To provide input data directly to the model buffer, complete the following steps:

  1. Reserve the Axon hardware explicitly:

    nrf_axon_platform_reserve_for_user();
    
  2. Obtain the model input address:

    const nrf_axon_nn_compiled_model_input_info_s *model_input =
        nrf_axon_nn_model_1st_external_input(&nrf_axon_model_<model_name>);
    
  3. Copy the input data to the model input address.

  4. Invoke the inference API with input_vector == NULL.

Asynchronous inference requests may be submitted while a synchronous inference is executing. These requests are queued and serviced once the synchronous execution completes.

Integrating the model into an application

It is recommended to first test your compiled model by using the inference test application (/tests/axon/inference). Once you have verified that the model works correctly on the test application, you can integrate it into your application. It is your responsibility to feed data into the model, schedule inference, and respond to the model output.

Ensure you have completed the following:

  1. Placed the nrf_axon_<model_name>_.h file in the application’s include path.

  2. Included the header files:

    #include "drivers/axon/nrf_axon_driver.h"
    #include "drivers/axon/nrf_axon_inference.h"
    
  3. Included the model header file nrf_axon_model_<model_name>_.h in exactly one source file. The model symbols are intentionally not declared static, to avoid compiling multiple instances of the model into the application.

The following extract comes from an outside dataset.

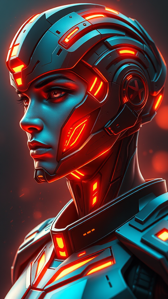 surrealisticart digital painting anime portrait of advanced military cyborg cyberpunk style warframe stealth mode armored neon glow character design hard surface sleek detailed facial features highly detailed intricate symmetry volumetric illumination ambient glow real-time rendering vfx digital 3d uhd hdr 3d side view incomplete frame flaws in art blurred disproportionate unappealing inaccurate anatomy distorted unattractive elongated neck partial head
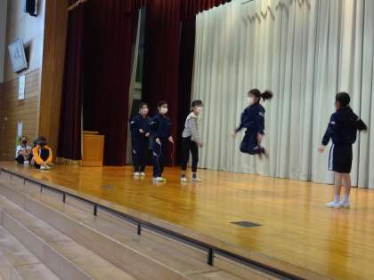 1/28(金) 4年生 長縄跳びの組合せ技を披露 1

  4. Updated the following Kconfig values in the application’s prj.conf file:

    • Enable the NRF_AXON Kconfig option.

    • Set NRF_AXON_INTERLAYER_BUFFER_SIZE to the maximum value needed across all models in the application. This value is printed near the top of the compiled model header file.

  5. Initialized driver one time at start-up.

  6. Initialized the model one-time at start-up for the desired mode of execution, synchronous (nrf_axon_nn_model_validate) or asynchronous (nrf_axon_nn_model_async_init).